=== RECORDS SHOWN ===
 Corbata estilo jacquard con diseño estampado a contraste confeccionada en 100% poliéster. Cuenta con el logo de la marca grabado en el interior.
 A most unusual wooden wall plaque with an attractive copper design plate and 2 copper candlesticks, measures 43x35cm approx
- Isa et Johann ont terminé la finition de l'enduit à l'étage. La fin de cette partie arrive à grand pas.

* * *

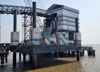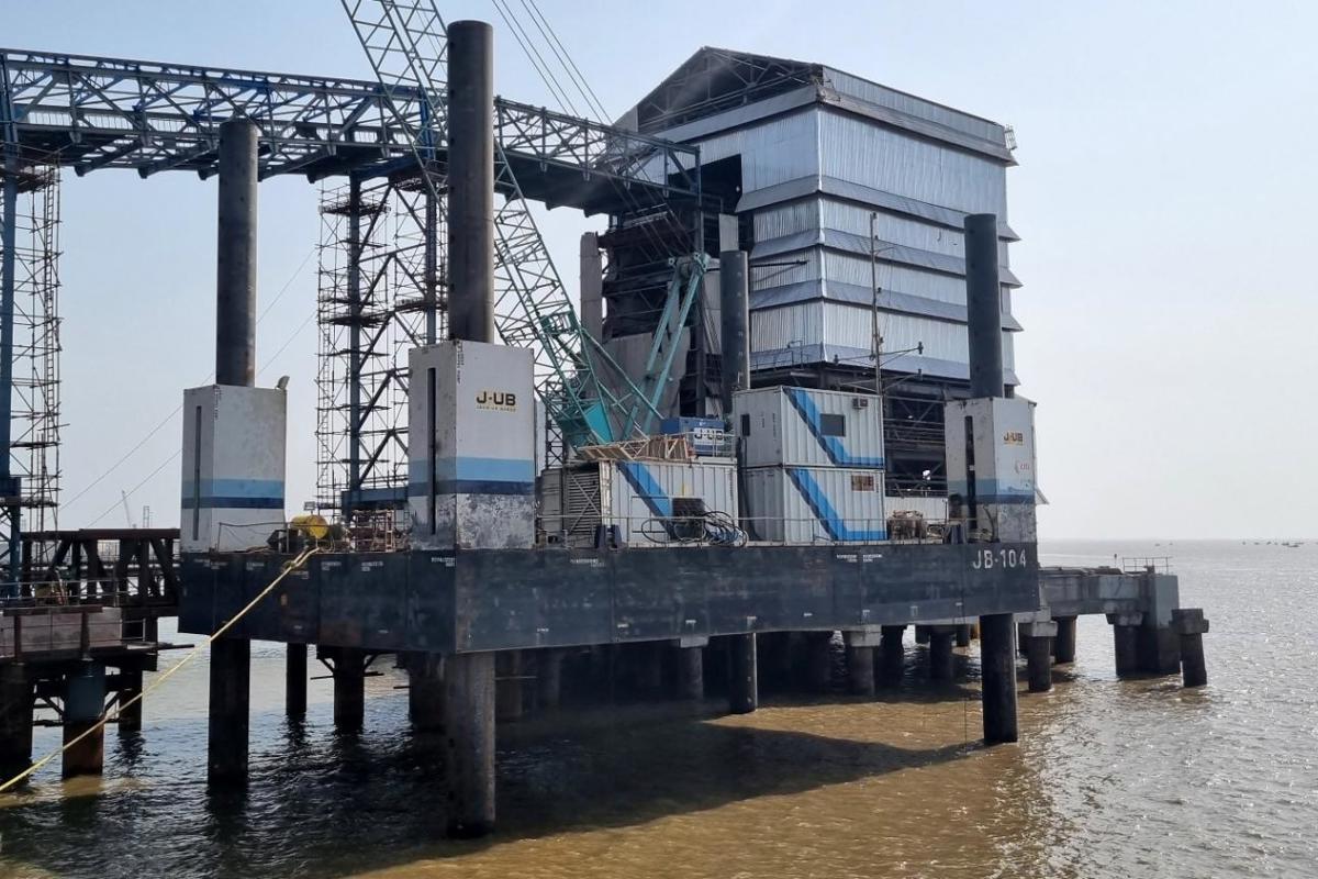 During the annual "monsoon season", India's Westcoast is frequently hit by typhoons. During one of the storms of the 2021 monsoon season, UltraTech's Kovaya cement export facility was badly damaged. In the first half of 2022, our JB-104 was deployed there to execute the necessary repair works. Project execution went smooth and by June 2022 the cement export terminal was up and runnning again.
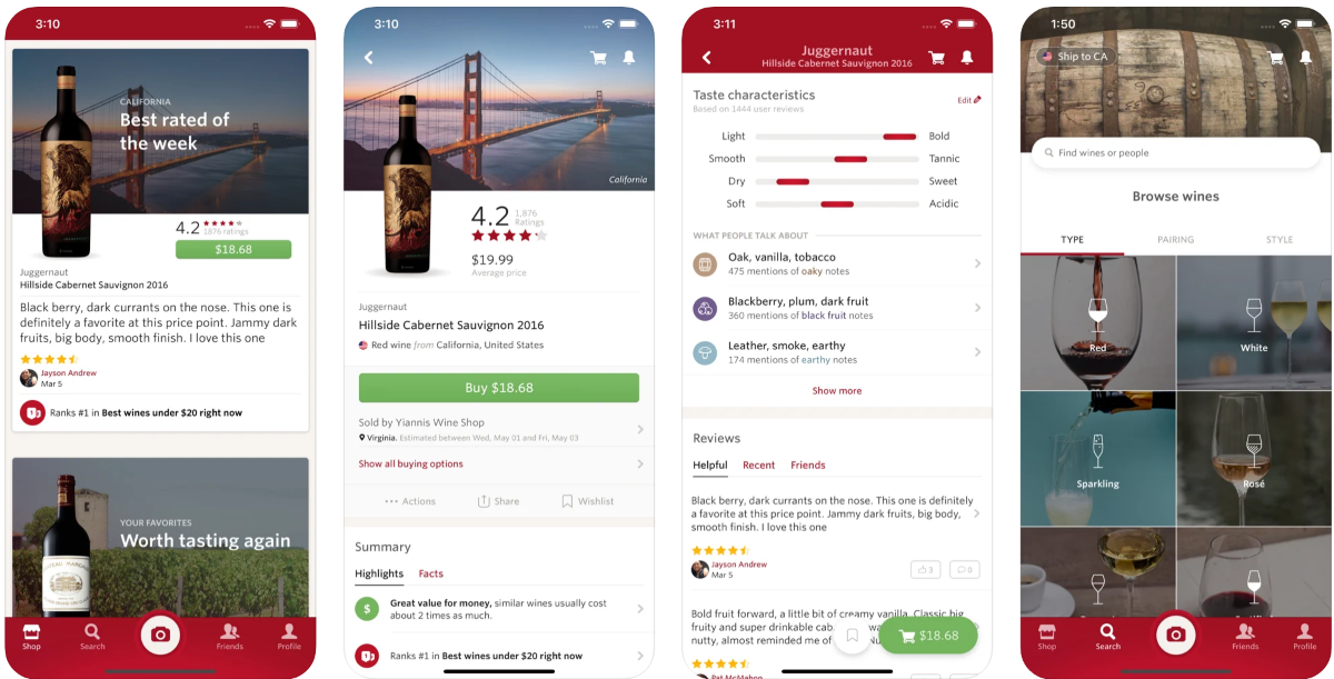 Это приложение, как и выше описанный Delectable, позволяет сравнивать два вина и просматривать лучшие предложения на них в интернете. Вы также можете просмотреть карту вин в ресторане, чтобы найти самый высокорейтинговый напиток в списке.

---

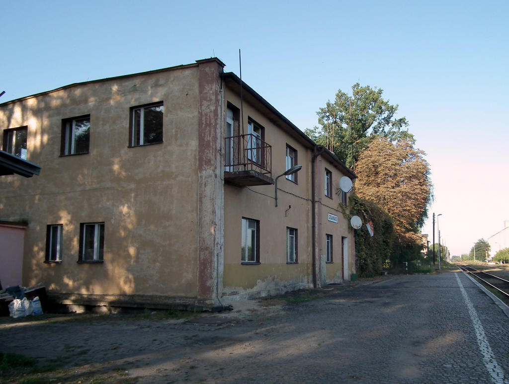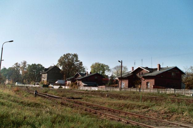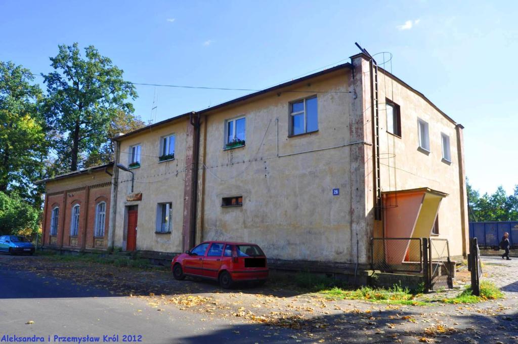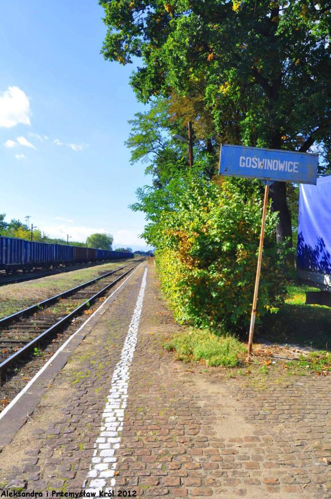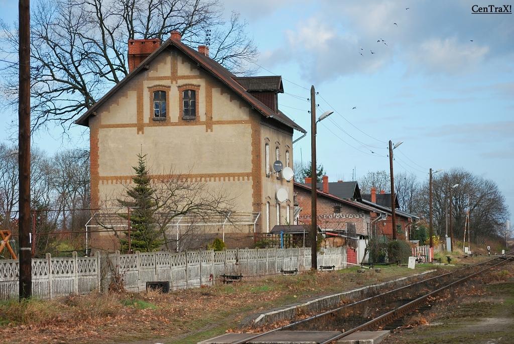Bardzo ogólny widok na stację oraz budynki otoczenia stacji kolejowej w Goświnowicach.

=== EXERCISE REQUIREMENTS ===
Please, from the entries above, set down exactly the lines from the one containing "A most unusual" through the one containing "- Isa et Johann", and only those.

=== RESPONSE TO THIS EXERCISE ===
 A most unusual wooden wall plaque with an attractive copper design plate and 2 copper candlesticks, measures 43x35cm approx
- Isa et Johann ont terminé la finition de l'enduit à l'étage. La fin de cette partie arrive à grand pas.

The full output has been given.